ReCoG: Related-source Collaborative Decoding with Gating for Low-resource Machine Translation

This is the official repository for the paper:

RECOG: Related-source Collaborative Decoding with Gating for Low-resource Machine Translation
Sanjeev Kumar, Preethi Jyothi
Department of Computer Science and Engineering, IIT Bombay
Findings of ACL 2026

Overview

RECOG is a lightweight collaborative decoding framework for Extremely Low-Resource Language (ELRL) machine translation. It fuses the token-level output distributions of two independently fine-tuned expert models — one trained on a High-Resource Language (HRL, e.g., English) and another on a typologically related Mid-Resource Language (MRL, e.g., Hindi) — via a learned gating network, without retraining the expert models.

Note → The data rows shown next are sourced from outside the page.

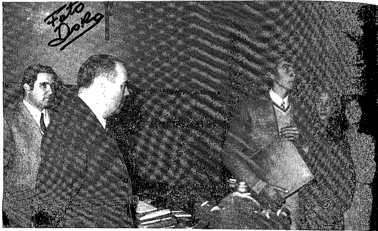
Los planteles masculino y femenino de Extensión Agraria de San Enrique de Guadiaro visitaron al alcalde de San Roque para hacerle el ofrecimiento del título obtenido en el concurso nacional por la mejor labor de equipo. En la foto, don Pedro Hidalgo, les dirige unas palabras de estímulo.—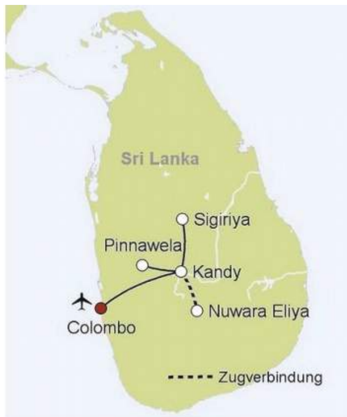
Kompakt kružna tura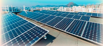
本校引入再生能源 - 太陽能光伏裝置，讓同學體驗現今的環保科技

本校申請優質教育基金重置魚池及魚菜共生系統，藉著結合水產養殖及水耕栽培，讓同學明白資源永續利用的理念，又能享受耕種樂趣，建立可持續發展的校園環境。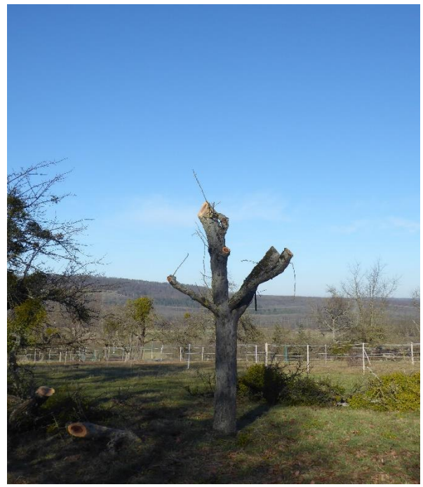
Schnitt von Apfelbaum mit Vollbefall zu Rumpfbaum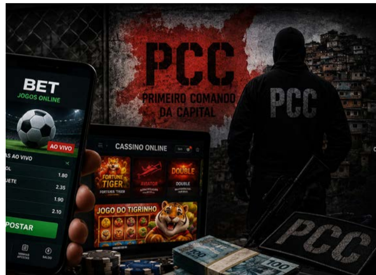
PC e MP miram bets clandestinas em São Paulo

Entre os alvos estão a Aposte Fácil e o site clandestino Black Vegas, ligado ao “tigrinho”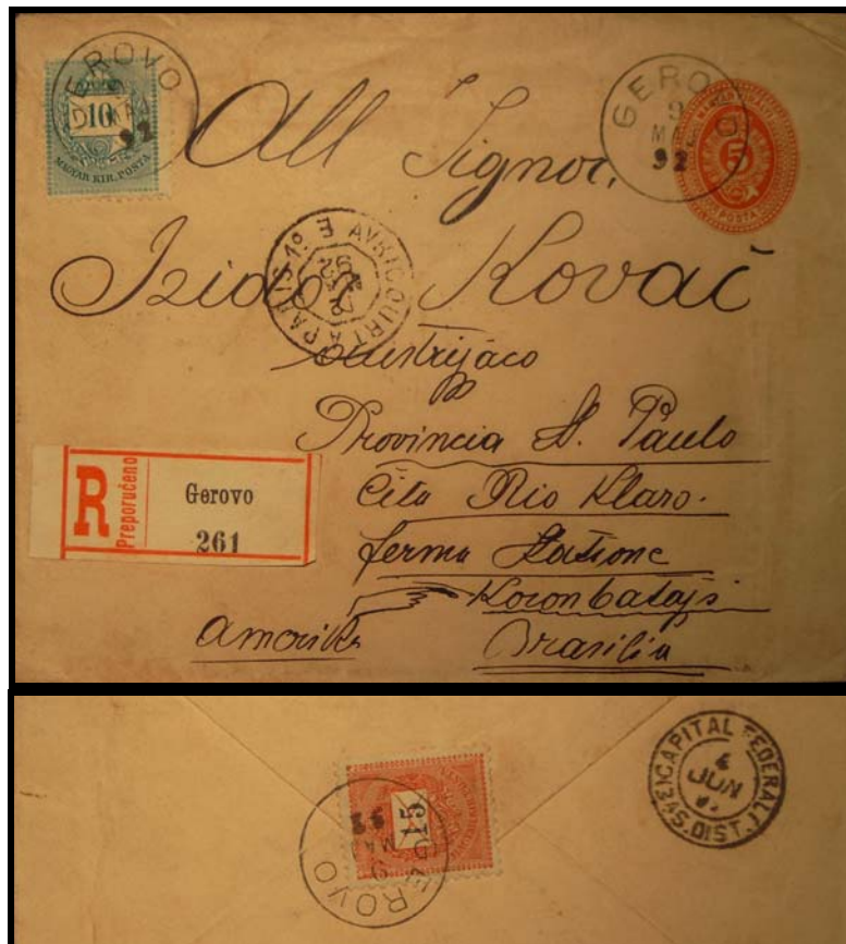
Abb. 7: Eingeschriebener Brief nach Brasilien vom 9. Mai 1892. Die Rekogebühr betrug 10 Kr, so dass diese Ganzsache portogerecht frankiert ist. 8

Aus Unkenntnis über die Abschaffung des Seepostos wurden auch nach dem 31. Mai 1892 noch Poststücke zum Seeposttarif freigemacht.

At each decoding step, a lightweight MLP computes a scalar gate value g_t from the final 3 decoder layers of both experts, softly combining their output distributions:

p̂_t = g_t · p1_t + (1 − g_t) · p2_t

RECOG is:

Architecture-agnostic: supports both encoder–decoder (Aya-101) and decoder-only (Gemma, Qwen) models
Training-free for experts: the expert models remain frozen during gating training
Scalable: synthetic MRL inputs (generated via IndicTrans2 or Aya-101) can replace human-translated MRL data

Key Results

+2.43 BLEU / +3.11 ChrF++ average improvement over HRL SFT baseline on Aya-101
+2.45 BLEU / +4.79 ChrF++ average improvement on Gemma-3
Evaluated on 12 ELRLs across 6 language families and 4 scripts
Consistent gains on Qwen-3-8B as well (validated in Appendix)

Repository Structure

ReCoG/
├── aya101/                          # Aya-101 (encoder–decoder) pipeline
│   ├── training/
│   │   └── recog_train.py           # Gating network training for Aya-101
│   └── inference/
│       └── recog_inference.py       # RECOG inference for Aya-101
│
├── gemma/                           # Gemma / Qwen (decoder-only) pipeline
│   ├── training/
│   │   ├── recog_train.py           # Gating network training (decoder-only)
│   │   └── recog_train_v2.py        # Alternate trainer with per-token masking
│   └── inference/
│       └── recog_inference.py       # RECOG inference for decoder-only models
│
├── baselines/
│   ├── concat/                      # Concatenation baseline (SFT on merged data)
│   │   ├── aya101_concat_train.py
│   │   ├── aya101_concat_inference.py
│   │   ├── gemma_concat_train.py
│   │   └── gemma_concat_inference.py
│   ├── heuristic/                   # Max-probability heuristic baseline
│   │   ├── aya101_heuristic.py
│   │   └── gemma_heuristic.py
│   └── fixed_ensemble/              # Fixed 0.5–0.5 ensemble baseline
│       └── aya101_fixed05_inference.py
│
├── scripts/                         # Ready-to-run example shell scripts
│   ├── run_aya101_recog.sh
│   ├── run_gemma_recog.sh
│   └── run_baselines.sh
│
├── data/
│   └── DATA.md                      # Dataset information and download instructions
│
├── requirements.txt
└── README.md

Setup

Requirements

pip install -r requirements.txt

Hardware: RECOG requires 2 GPUs for training and inference (experts are placed on separate GPUs). Each Aya-101 expert needs ~40GB VRAM; each Gemma/Qwen expert needs ~16–20GB VRAM (bfloat16).

Data

We use:

Training: NLLB Seed Corpus (~6,193 sentence pairs per language)
Evaluation: [FLORES-200] (1,012 samples)
Angika data: from Kumar et al., EACL 2026

Your data Excel file should contain columns for Source Language 1 (MRL), Source Language 2 (HRL = English), and the Target ELRL. See data/DATA.md for details.

Usage

Step 1: Fine-tune Expert Models (SFT)

Fine-tune two separate LoRA experts: one for MRL → ELRL and one for HRL → ELRL.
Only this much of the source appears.